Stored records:

==========

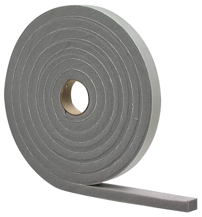 Foam Tape, 3/8 in W, 17 ft L, 3/16 in Thick, PVC, Gray. Polyvinyl chloride foam. A self-sticking weatherproofing foam tape for eliminating air and moisture leaks.
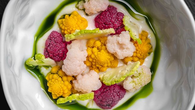 Pulite tutti i cavolfiori tenendo sempre le parti di scarto che serviranno per fare la crema che andrà alla base del piatto. Tagliate sottilmente il cavolfiore verde che andrà messo a crudo nel piatto. Per la preparazione del carpione mettete in pentola dell'aceto di vino bianco, vino bianco secco, 200 grammi di acqua, sale, zucchero. Portate tutto a bollore. Dividete in 3 pentolini differenti. Nel primo aggiungete succo di rapa rossa, nel secondo della curcuma e nel terzo aggiungete timo rosmarino e salvia. Immergete il cavolfiore viola nel carpione viola (quello con la rapa rossa), quello giallo nella curcuma, quello bianco nel carpione incolore.
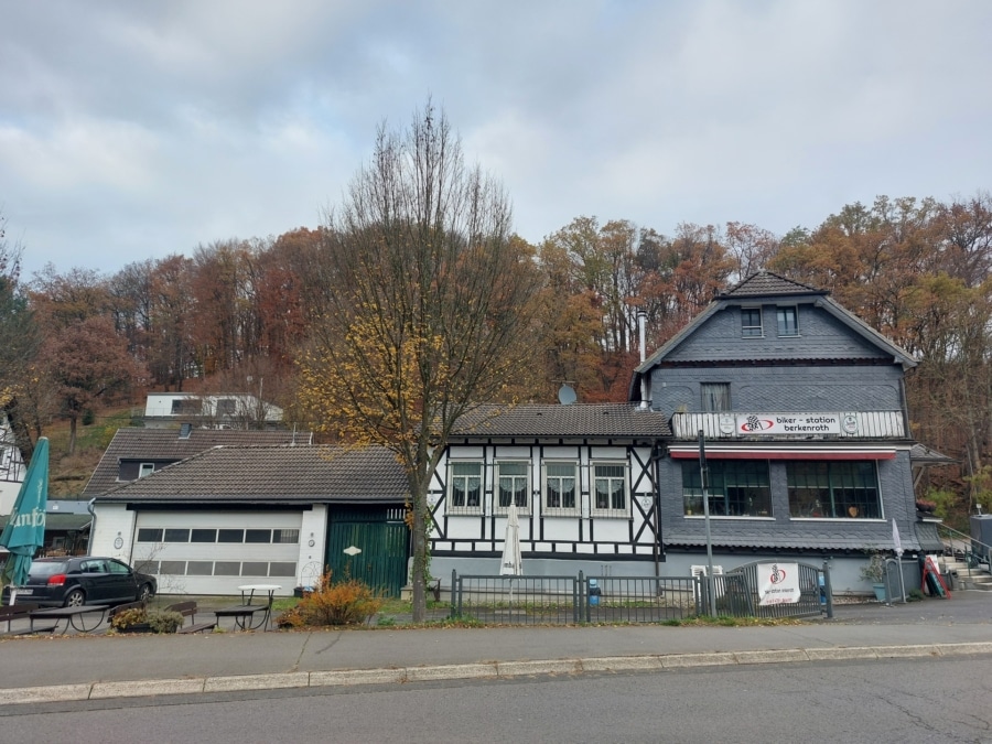 Die Immobilie befindet sich in einem Ortsteil der Gemeinde Nümbrecht im Oberbergischen Kreis – eine Region, die für ihre naturnahe Umgebung, sanften Hügel und ihren Erholungswert geschätzt wird. Die Lage direkt an der Bundesstraße B478 macht das Objekt besonders attraktiv für Tagesausflügler, Motorradfahrer und Radreisende, die gezielt Gaststätten entlang beliebter Routen ansteuern.
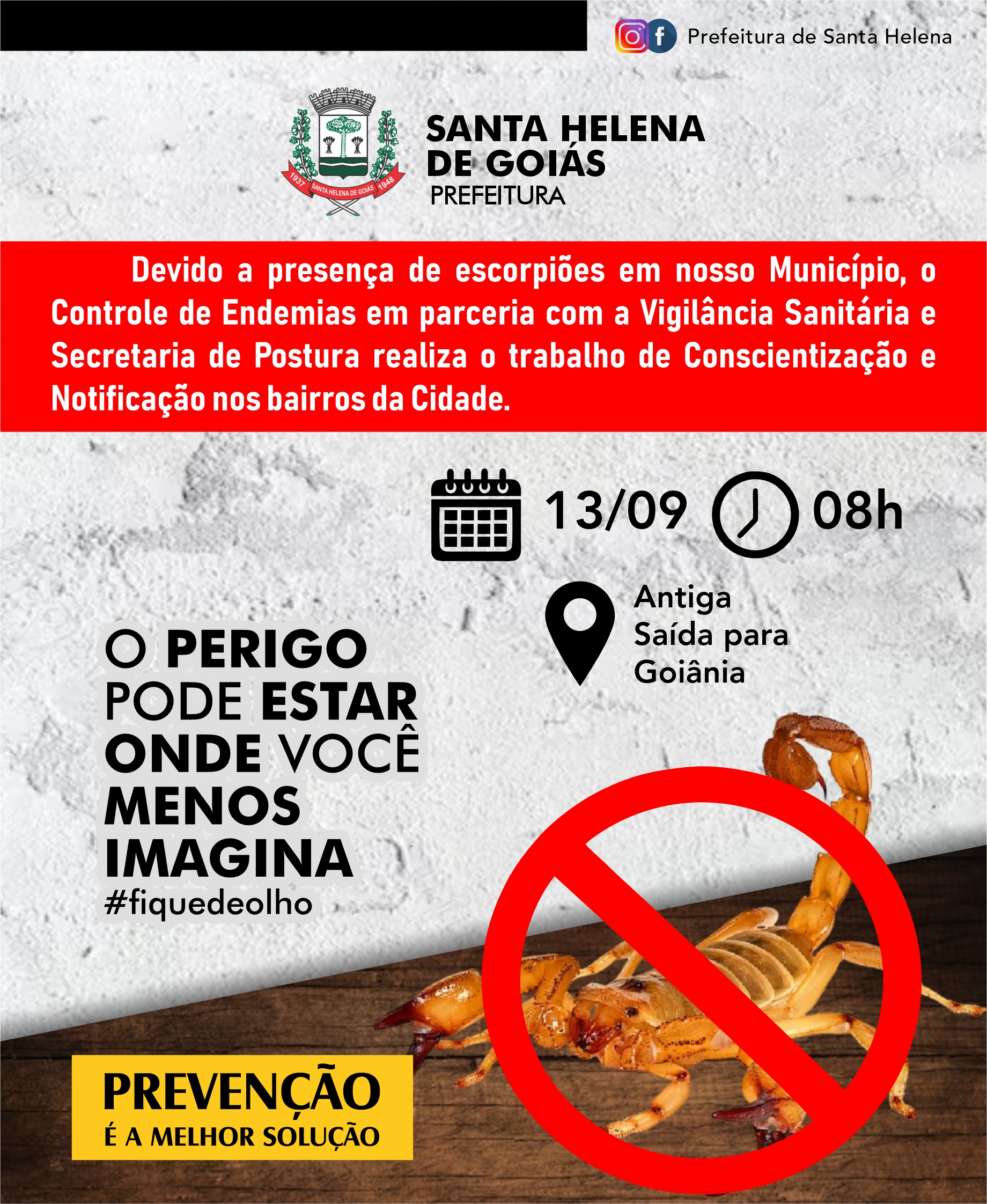 Combater o escorpião é missão de todos nós! Em parceria com a Vigilância Sanitária e Secretaria de Postura, o Controle de Endemias de Santa Helena está em ação, e no dia 13 de setembro (quarta-feira) convida todos os moradores para colaborarem nessa ação de conscientização de combate ao escorpião.
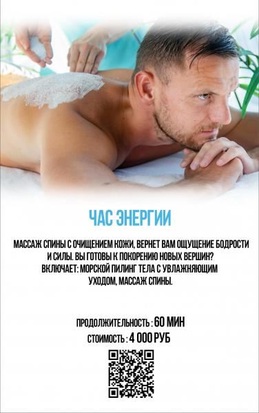 Час энергии 60' – 4000 руб (морской пилинг тела, увлажнение, массаж спины)

==========

- [WHAT THIS TASK INVOLVES] Set down, exactly as written, each line from the one that contains "Combater o escorpião" to the last line of the records, but none of the pictures.

- [OUTPUT FOR THIS EXERCISE]
 Combater o escorpião é missão de todos nós! Em parceria com a Vigilância Sanitária e Secretaria de Postura, o Controle de Endemias de Santa Helena está em ação, e no dia 13 de setembro (quarta-feira) convida todos os moradores para colaborarem nessa ação de conscientização de combate ao escorpião.
 Час энергии 60' – 4000 руб (морской пилинг тела, увлажнение, массаж спины)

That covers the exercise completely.